Exercise 5.2 -Homage

I was intrigued by the Victor Burgin quotation in the course notes, I am referring to the universally familiar phenomenon of looking at one image and having another image spontaneously come to mind.’  because it happened to me when I first saw the Karsh portrait of Georgia O’Keefe.

I had no idea at the time why images of Antelope Canyon came to mind so strongly, so it is worth taking a couple of sentences to explore. I think the first connection was with textures, the texture of the canyon wall is reflected in the adobe wall behind the subject. There is also the slender grace of her pose, small in frame, which reflects the space between the canyon walls. The lighting in both images is strong and directional. Finally, there may be a subliminal message in the skull and antlers high on the wall. If I did not know the name of the canyon, would I have made the same connection?
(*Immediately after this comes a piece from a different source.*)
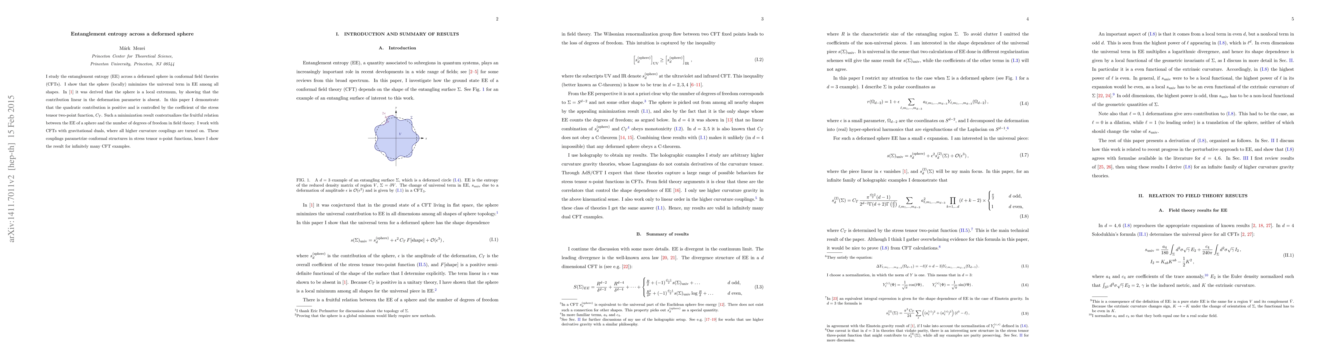 This research proves that a deformed sphere in Conformal Field Theories (CFTs) does not minimize entanglement entropy (EE) as effectively as a standard sphere, which is a local extremum. The study demonstrates that the positive quadratic contribution to EE in deformed spheres is controlled by the stress tensor two-point function coefficient, C_T, contextualizing the relationship between EE and degrees of freedom in CFTs. The analysis encompasses CFTs with gravitational duals, considering all higher curvature couplings, thereby providing insights for infinitely many CFT examples.

You may already have taken some homage photography where you’ve not tried to hide the original inspiration but rather celebrated it. Refer back to your personal archive and add one or two to your learning log together with a short caption to provide a context for the shot.  (EYV course notes p108)

The mono image of the girl with a Voigtländer Brillant connected with me because it is an unusual sort of portrait and because I like old cameras. This is one of the few times that I have made a conscious attempt to emulate a photograph I have seen. With my image of Victoria we used a Rolleicord and went for an informal pose; the lotus position fills the frame better when the background is bland. The early shots from the sequence had her looking down into the viewfinder, but I prefer this one where I asked her to glance up at me. The judge at my camera club liked it as well, and it won the portrait competition that year.

During the EYV course I have attempted to emulate photographers in two of the assignments. Assignment 2 was a blatant tip of the hat to the Bechers. In Assignment 4, I was influenced by Rut Blees Luxemburg’s night-time intimate cityscapes.